◆ The task: Each entry below should be given again exactly; the pictures stay out.

##### Task inputs #####

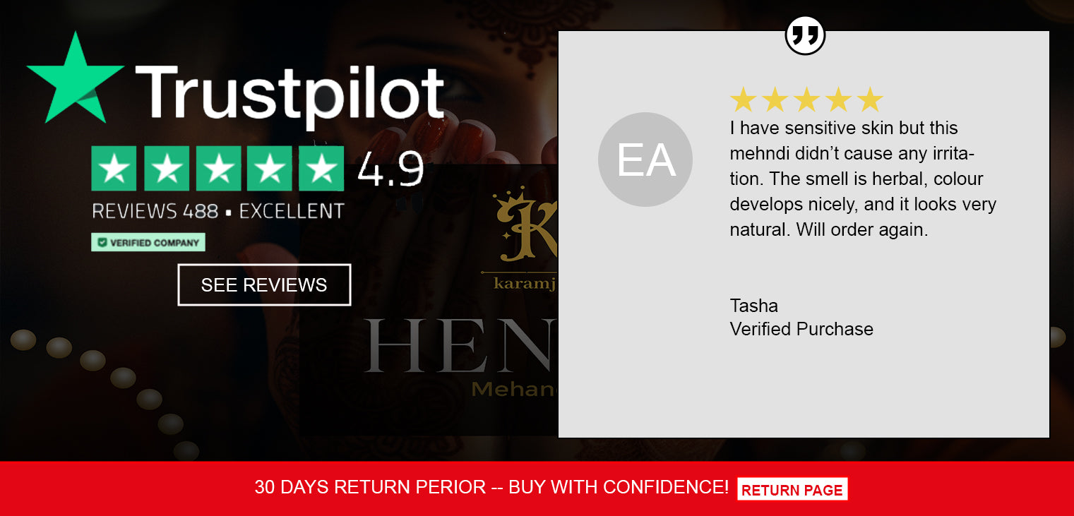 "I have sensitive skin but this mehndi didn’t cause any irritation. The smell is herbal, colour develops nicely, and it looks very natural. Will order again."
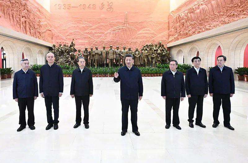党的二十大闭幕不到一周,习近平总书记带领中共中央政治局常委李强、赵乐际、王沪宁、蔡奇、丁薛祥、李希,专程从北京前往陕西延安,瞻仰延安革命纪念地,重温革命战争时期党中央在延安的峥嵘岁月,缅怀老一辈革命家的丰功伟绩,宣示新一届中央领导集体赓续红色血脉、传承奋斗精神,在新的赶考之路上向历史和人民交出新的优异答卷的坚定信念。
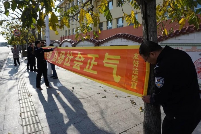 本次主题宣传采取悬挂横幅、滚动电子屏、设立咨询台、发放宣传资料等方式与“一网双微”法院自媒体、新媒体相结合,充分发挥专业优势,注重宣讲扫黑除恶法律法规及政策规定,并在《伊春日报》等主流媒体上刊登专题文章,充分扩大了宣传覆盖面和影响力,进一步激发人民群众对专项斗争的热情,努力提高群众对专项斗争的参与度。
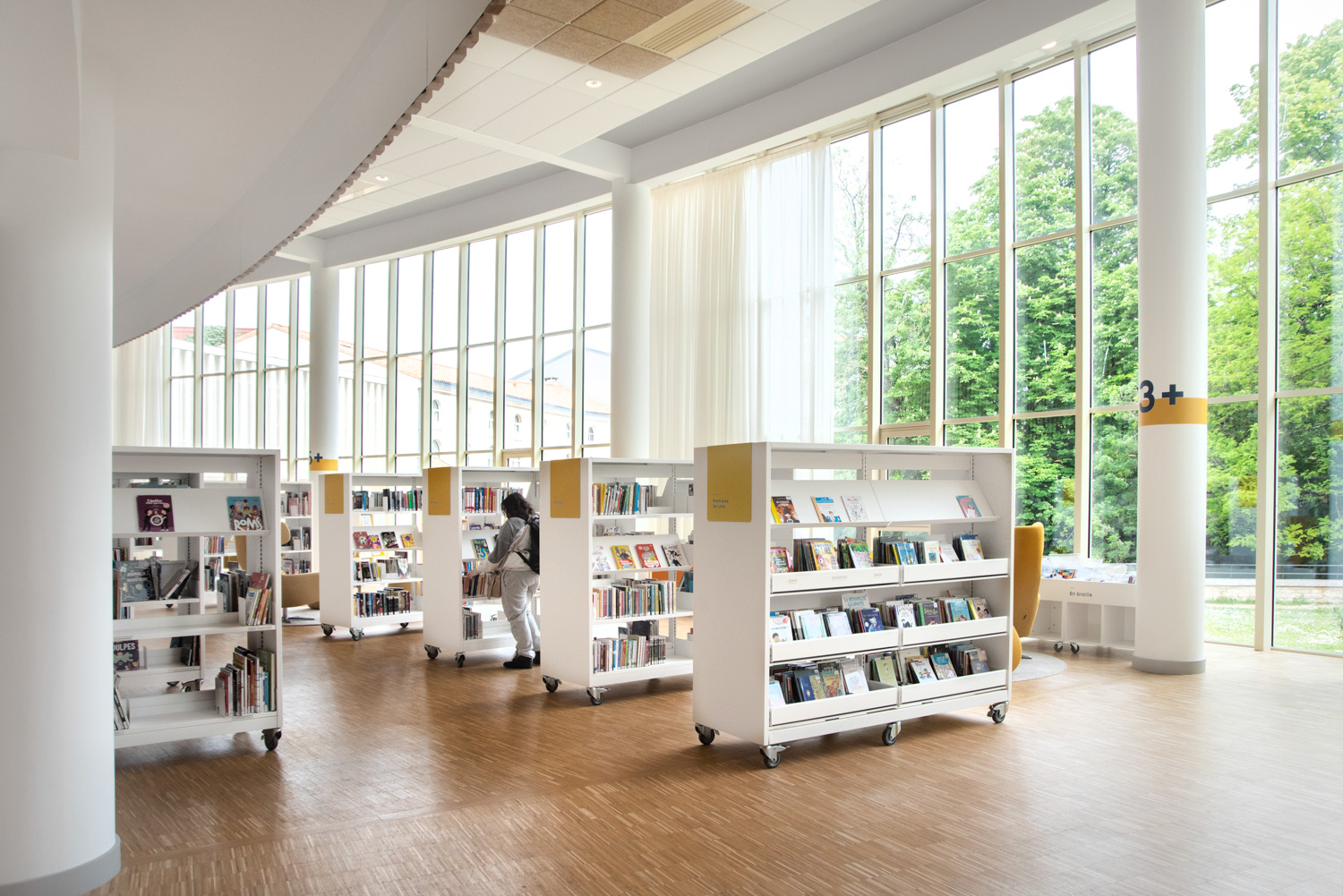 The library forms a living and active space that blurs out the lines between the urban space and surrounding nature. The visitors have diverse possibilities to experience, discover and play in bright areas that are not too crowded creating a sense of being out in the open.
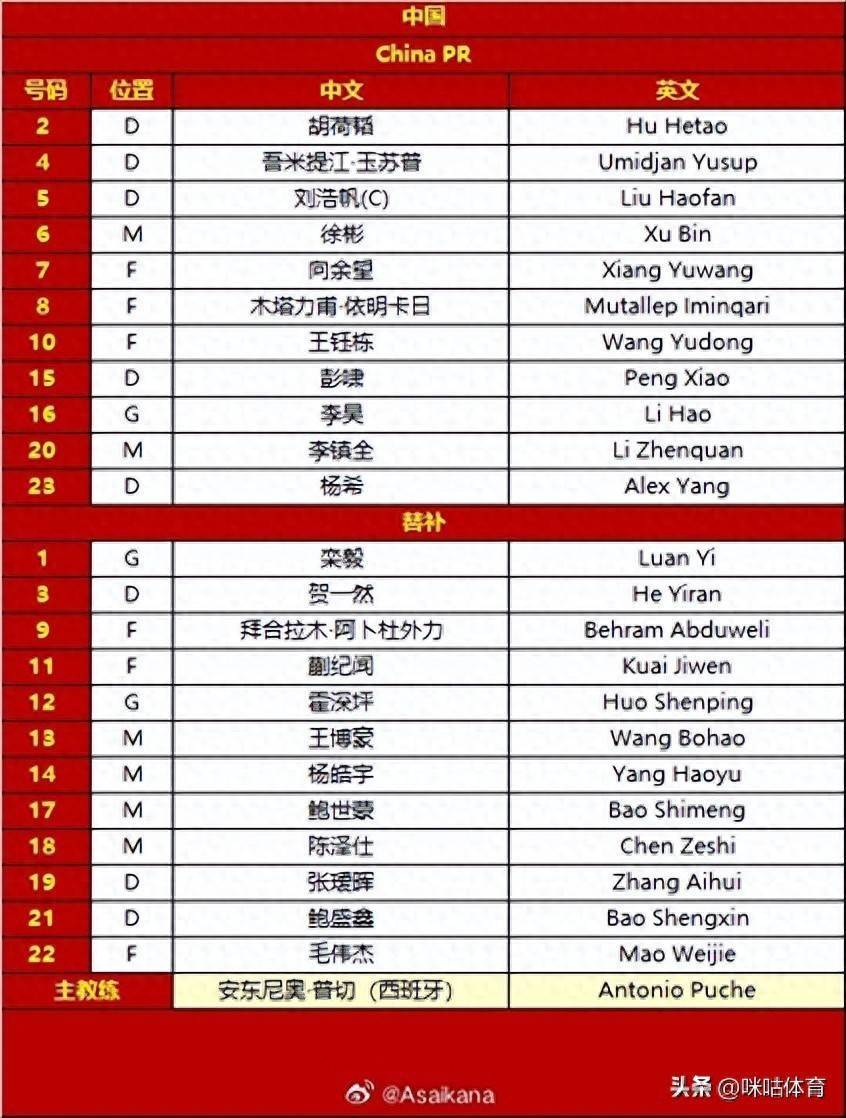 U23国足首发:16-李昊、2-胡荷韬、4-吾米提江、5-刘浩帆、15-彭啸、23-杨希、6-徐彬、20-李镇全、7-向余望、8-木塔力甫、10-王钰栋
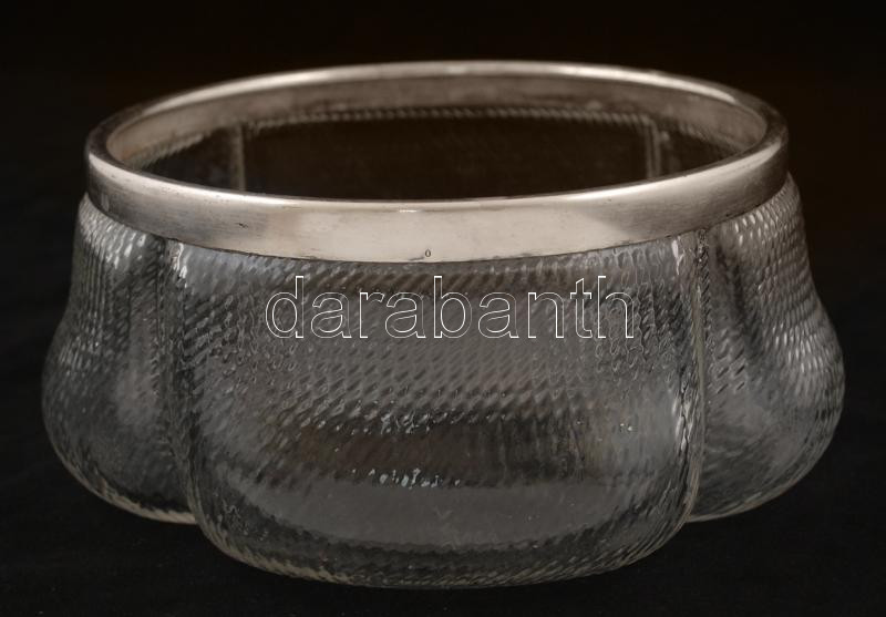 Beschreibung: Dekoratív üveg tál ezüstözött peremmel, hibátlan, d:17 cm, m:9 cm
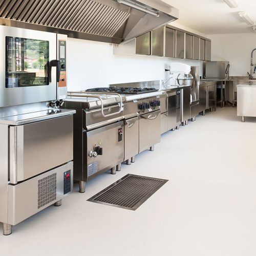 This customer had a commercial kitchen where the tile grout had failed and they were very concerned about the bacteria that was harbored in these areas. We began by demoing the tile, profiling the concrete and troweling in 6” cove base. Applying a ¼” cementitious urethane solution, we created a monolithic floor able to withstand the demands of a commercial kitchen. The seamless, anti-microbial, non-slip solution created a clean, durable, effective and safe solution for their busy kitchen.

#####

◆ Your solution:
 "I have sensitive skin but this mehndi didn’t cause any irritation. The smell is herbal, colour develops nicely, and it looks very natural. Will order again."
党的二十大闭幕不到一周,习近平总书记带领中共中央政治局常委李强、赵乐际、王沪宁、蔡奇、丁薛祥、李希,专程从北京前往陕西延安,瞻仰延安革命纪念地,重温革命战争时期党中央在延安的峥嵘岁月,缅怀老一辈革命家的丰功伟绩,宣示新一届中央领导集体赓续红色血脉、传承奋斗精神,在新的赶考之路上向历史和人民交出新的优异答卷的坚定信念。
 本次主题宣传采取悬挂横幅、滚动电子屏、设立咨询台、发放宣传资料等方式与“一网双微”法院自媒体、新媒体相结合,充分发挥专业优势,注重宣讲扫黑除恶法律法规及政策规定,并在《伊春日报》等主流媒体上刊登专题文章,充分扩大了宣传覆盖面和影响力,进一步激发人民群众对专项斗争的热情,努力提高群众对专项斗争的参与度。
 The library forms a living and active space that blurs out the lines between the urban space and surrounding nature. The visitors have diverse possibilities to experience, discover and play in bright areas that are not too crowded creating a sense of being out in the open.
 U23国足首发:16-李昊、2-胡荷韬、4-吾米提江、5-刘浩帆、15-彭啸、23-杨希、6-徐彬、20-李镇全、7-向余望、8-木塔力甫、10-王钰栋
 Beschreibung: Dekoratív üveg tál ezüstözött peremmel, hibátlan, d:17 cm, m:9 cm
 This customer had a commercial kitchen where the tile grout had failed and they were very concerned about the bacteria that was harbored in these areas. We began by demoing the tile, profiling the concrete and troweling in 6” cove base. Applying a ¼” cementitious urethane solution, we created a monolithic floor able to withstand the demands of a commercial kitchen. The seamless, anti-microbial, non-slip solution created a clean, durable, effective and safe solution for their busy kitchen.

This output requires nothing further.